EXERCISE AIM
Your answer must be an exact copy of the records below, with no pictures in it.

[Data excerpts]
···

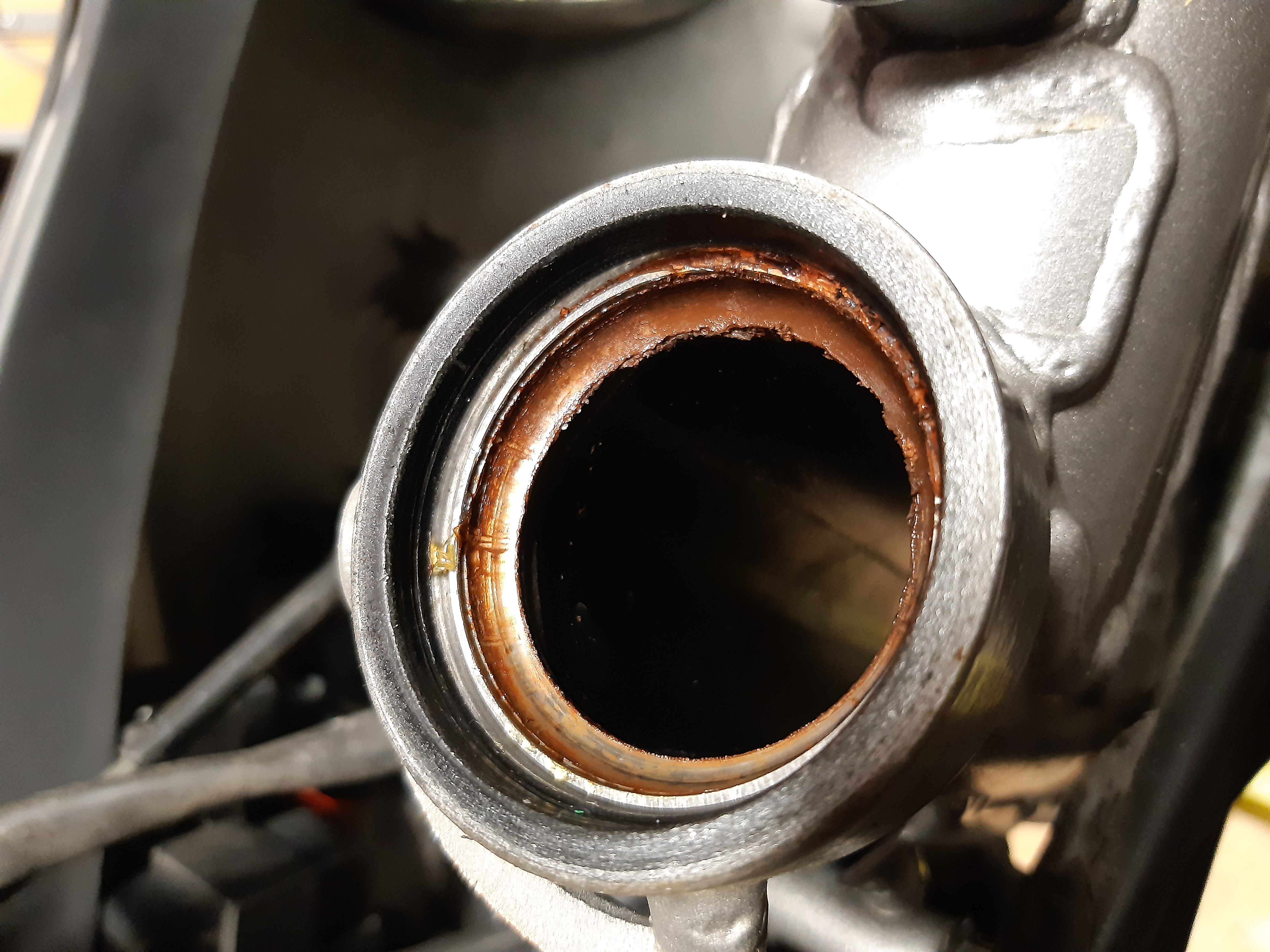 Meine Arbeit bis eben war das alte Lenkkopflager zu Demontieren. Die Lagerschalen möchten nicht aus sitz, dabei strengte sich die obere lagerschale mehr an als die untere. Sind aber jetzt draußen...
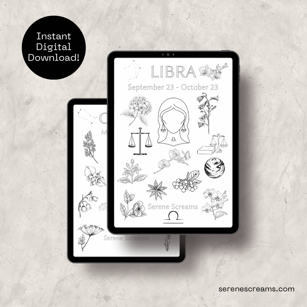You will receive 4 printable PDF files of Serene Screams Zodiac Coloring Pages. Coloring pages will include our collective zodiac page and the air signs: Aquarius, Gemini, & Libra. Once your payment has been approved, you will receive instructions from Etsy on how to download your new coloring pages. The files can also be found in your account under 'Purchases and Reviews.'
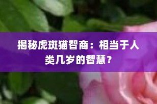 在宠物的世界里,虎斑猫以其独特的花纹和迷人的个性赢得了无数家庭的喜爱。但你知道吗?这些可爱的小家伙不仅外貌出众,还拥有相当不错的智商。那么,虎斑猫的智商究竟相当于人类几岁呢?本文将为您深入解析这一问题,并提供一些关于如何与您的虎斑猫互动以促进其智力发展的建议。
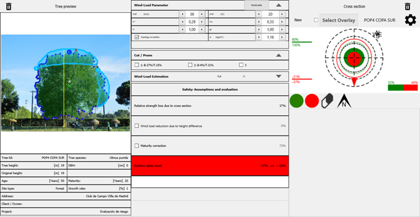 Cuando las inspecciones visuales no son concluyentes en la evaluación del riesgo del ejemplar y necesitamos más información para determinar la probabilidad de fallo de un árbol, nos apoyaremos en un análisis instrumental mediante dos tipos de instrumentación y en el uso de diferentes tipos software especializado,  que nos permitirán determinar la capacidad de resistencia mecánica teórica de la zona del árbol que estamos evaluando.
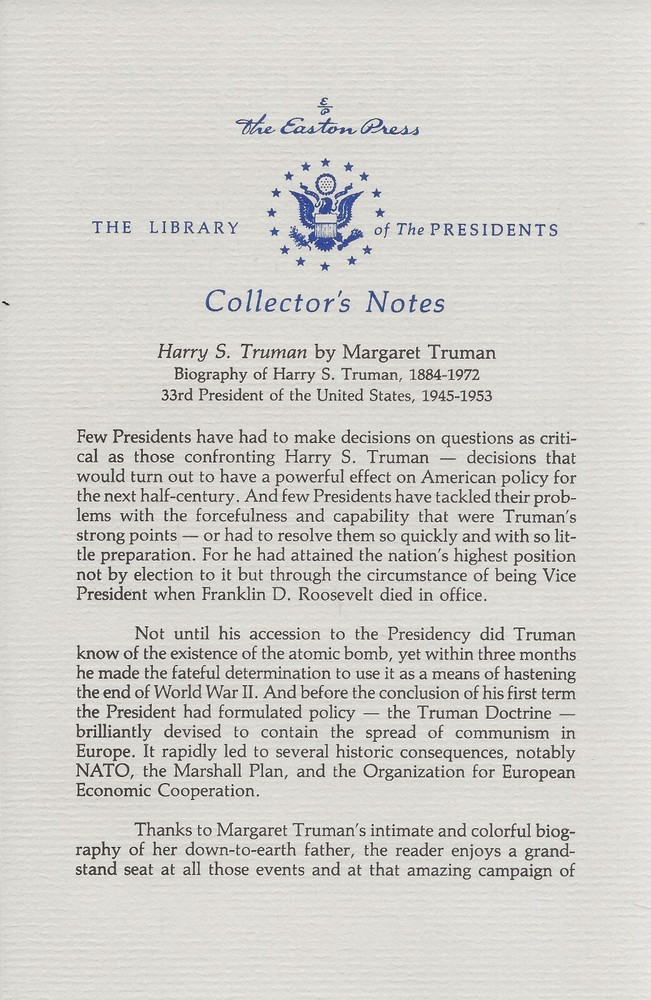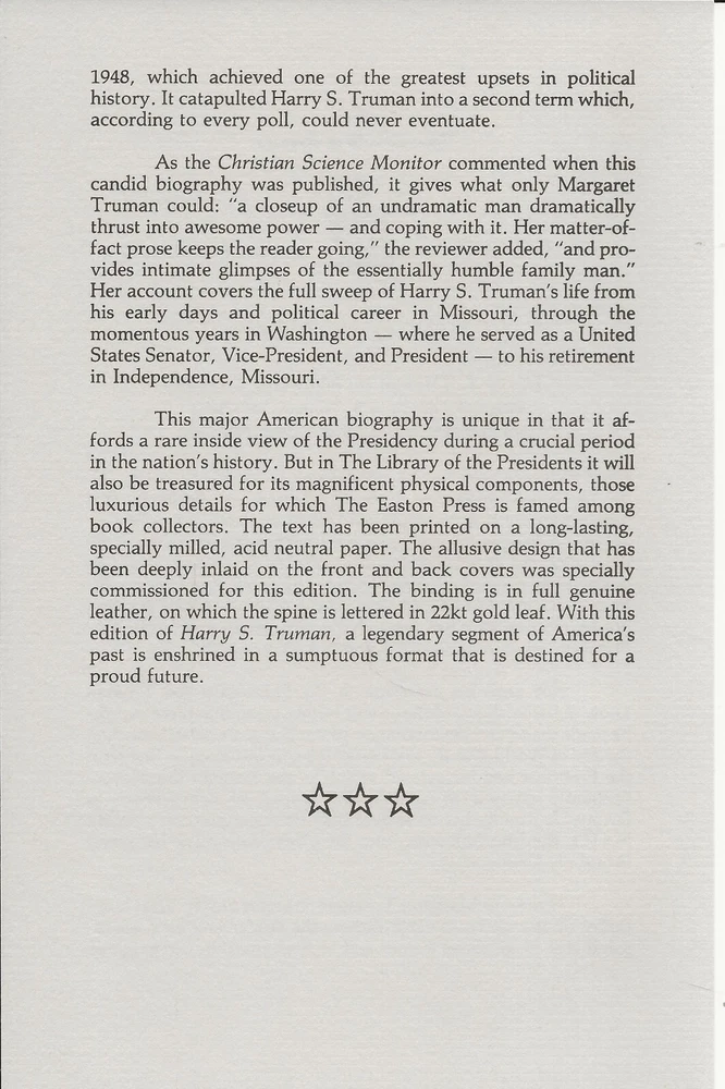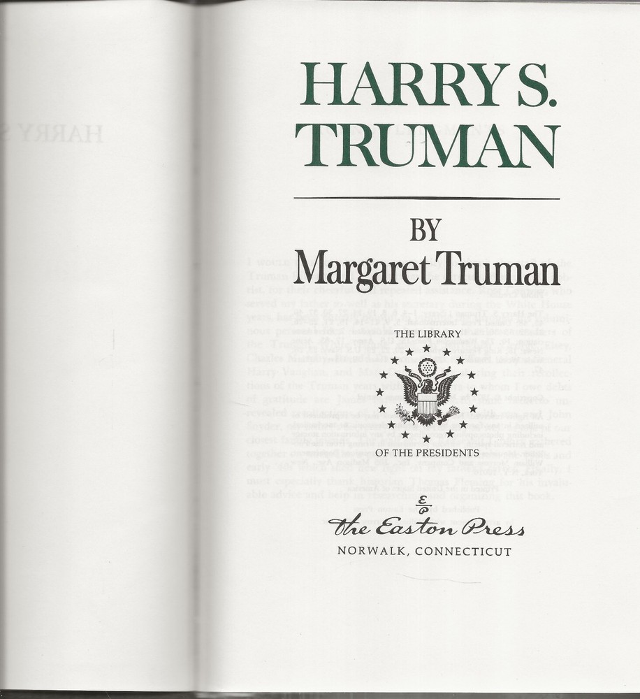 This new, hardcover book with a sewn binding, Leather covers and gilt page edges, is from the inventory of a closed college book store, Trinity Books, Ltd., Wichita Falls, TX. The book has no dustjacket, as published, and is in perfect condition. It may show slight signs of shelf wear and customer handling. Last copy. This biography is like no other about Harry Truman, in that it was written by his wife who probably knew him better than anyone else, especially during his years as president. This is a beautiful book with a very inspiring story.
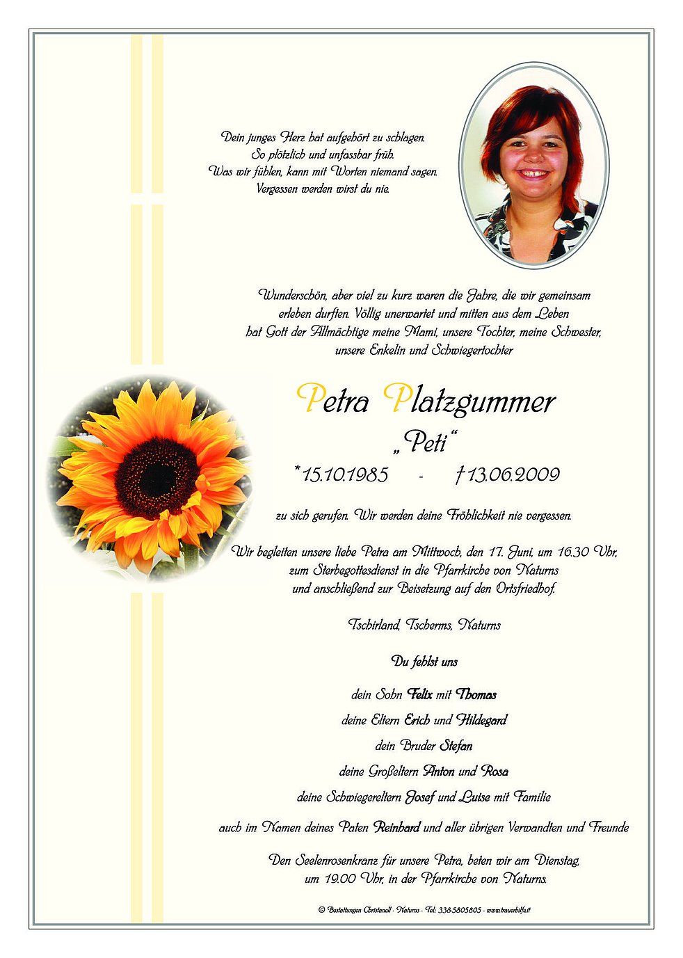 Wir begleiten unsere liebe Petra am Mittwoch, den 17. Juni, um 16.30 Uhr, zum Sterbegottesdienst in die Pfarrkirche von Naturns und anschließend zur Beisetzung auf den Ortsfriedhof.

···

ANSWER TO THE EXERCISE
 Meine Arbeit bis eben war das alte Lenkkopflager zu Demontieren. Die Lagerschalen möchten nicht aus sitz, dabei strengte sich die obere lagerschale mehr an als die untere. Sind aber jetzt draußen...
You will receive 4 printable PDF files of Serene Screams Zodiac Coloring Pages. Coloring pages will include our collective zodiac page and the air signs: Aquarius, Gemini, & Libra. Once your payment has been approved, you will receive instructions from Etsy on how to download your new coloring pages. The files can also be found in your account under 'Purchases and Reviews.'
 在宠物的世界里,虎斑猫以其独特的花纹和迷人的个性赢得了无数家庭的喜爱。但你知道吗?这些可爱的小家伙不仅外貌出众,还拥有相当不错的智商。那么,虎斑猫的智商究竟相当于人类几岁呢?本文将为您深入解析这一问题,并提供一些关于如何与您的虎斑猫互动以促进其智力发展的建议。
 Cuando las inspecciones visuales no son concluyentes en la evaluación del riesgo del ejemplar y necesitamos más información para determinar la probabilidad de fallo de un árbol, nos apoyaremos en un análisis instrumental mediante dos tipos de instrumentación y en el uso de diferentes tipos software especializado,  que nos permitirán determinar la capacidad de resistencia mecánica teórica de la zona del árbol que estamos evaluando.
 This new, hardcover book with a sewn binding, Leather covers and gilt page edges, is from the inventory of a closed college book store, Trinity Books, Ltd., Wichita Falls, TX. The book has no dustjacket, as published, and is in perfect condition. It may show slight signs of shelf wear and customer handling. Last copy. This biography is like no other about Harry Truman, in that it was written by his wife who probably knew him better than anyone else, especially during his years as president. This is a beautiful book with a very inspiring story.
 Wir begleiten unsere liebe Petra am Mittwoch, den 17. Juni, um 16.30 Uhr, zum Sterbegottesdienst in die Pfarrkirche von Naturns und anschließend zur Beisetzung auf den Ortsfriedhof.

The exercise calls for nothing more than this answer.